Иван сплюнул в сторону и вдруг увидел торчащий из песка указательный палец руки, словно зовущий его к себе. Иван растерянно посмотрел на свой забинтованный палец и кинулся туда, упал на колени, стал разгребать песок.
Наталья закопала себ неглубоко. Ее открытые глаза и улыбающийся рот были забиты песком. На груди лежал брускинский крест.
- Та-аличка!
Та-аличка! - кричал вдалеке Брускин.
Стянув с головы буденовку, Иван поднялся, скорбно и тупо глядя на Наталью. Но его голова стала инстинктивно втягиваться, когда в воздухе знакомо зазвучал вой приближающегося снаряда. Через мгновение донесся хлопок орудийного выстрела. А еще через мгновение снаряд мощно взорвался где-то посреди лагеря. Там заржали, заметались лошади, заметались, закричали люди.
Иван взглянул на море. Сюда двигался корабль, и из дула его носового орудия вырвался огонь нового выстрела. Иван перевел взгляд на Наталью.
- Прости, Наталья, если что не так... - тихо сказал он.
Новый взрыв взметнулся в лагере, а с другой стороны длинными слитными очередями стали бить английские скорострельные пулеметы.
Иван опустился на колени и стал торопливо закапывать Наталью.
В ТОТ ДЕНЬ АНГЛИЧАНЕ НАЧАЛИ ЖЕСТКУЮ КАРАТЕЛЬНУЮ ОПЕРАЦИЮ ПО ЛИКВИДАЦИИ НАШИХ В ИНДИИ.

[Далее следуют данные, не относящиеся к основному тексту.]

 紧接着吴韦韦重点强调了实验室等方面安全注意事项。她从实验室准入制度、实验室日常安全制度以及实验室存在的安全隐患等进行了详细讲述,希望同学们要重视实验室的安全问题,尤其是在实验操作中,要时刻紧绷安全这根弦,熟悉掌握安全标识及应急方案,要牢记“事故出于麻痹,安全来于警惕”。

Они забились в глубь тропических джунглей, восхитительно прекрасных, если смотреть на них снаружи, и темных, мрачных, тягостных внутри. Иван сидел на толстом стволе поваленного дерева. Он размотал свой указательный палец и внимательно его рассматривал. Палец не только словно распух, но и стал длиннее остальных, огрубел и почернел, на его тыльной стороне торчали черные звериные щетинки, а вместо ногтя вырос длинный и острый черный коготь. Иван пошевелил своим новым пальцем и посмотрел по сторонам. Вблизи никого не было. Правда, к нему шел Брускин, разговаривающий сам с собой на ходу, но он был еще далеко. Иван вытащил саблю, положил на ствол ладонь с вытянутым новым пальцем и резко рубанул. Поморщившись и даже качнувшись от боли, Иван коротко взглянул на валяющийся обрубок, подошвой сапога вдавил его поглубже в мягкую, влажную землю и плюнул сверху.
Брускин приближался.
Иван стянул с головы буденовку и обернул рану, из которой хлестала черна кровь.

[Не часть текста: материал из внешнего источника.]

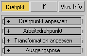 Anmerkung: Die Funktionen im Rollout "Drehpunkt anpassen" können nicht animiert werden. Wenn Sie den Drehpunkt des Objekts in einem Frame ändern, wird diese Änderung für die gesamte Animation übernommen. Seien Sie deshalb beim Ändern des Drehpunkts eines animierten Objekts vorsichtig. Das Ändern des Drehpunkts in einem Frame kann zu unerwarteten Auswirkungen in anderen Teilen der Animation führen. Nach Möglichkeit sollten Sie den Drehpunkt an der gewünschten Position platzieren, bevor Sie mit dem Animieren beginnen.
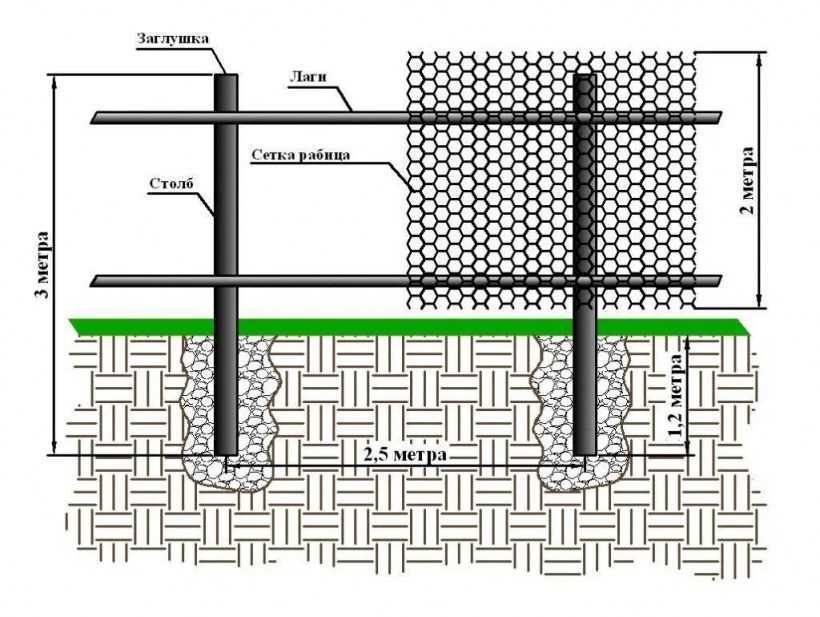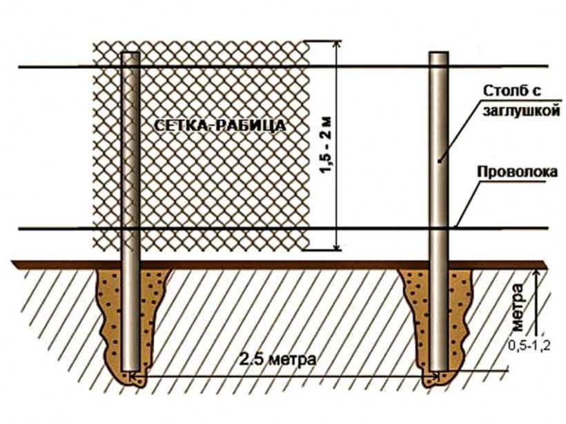 Для монтажа сетки на заранее подготовленное место устанавливают опоры. Кстати, из какого материала они будут выполнены не играет особой роли. Главное не забыть, обработать нанести слой гидроизоляционного материала концы деревянных опор.

Комиссар остановился рядом, внимательно и заботливо посмотрел в глаза Ивана и спросил скороговоркой:
- У вас что-нибудь случилось?
- Да ничего, палец вот отрубил, - объяснил Иван.
- Почему? - живо поинтересовался Брускин.
- Да не нравился он мне.
- Понятно, - удовлетворилс ответом Брускин. - Товарищ Новиков, у меня к вам очень важный разговор.
Мы должны установить красное знамя на вершине горы Нандадеви. Тогда-то они нас заметят. Мы уже начали отбор добровольцев.
Новик помотал головой.
- Нет, Григорь Наумыч, я по горам не ходок. Да я еще пока и комдив.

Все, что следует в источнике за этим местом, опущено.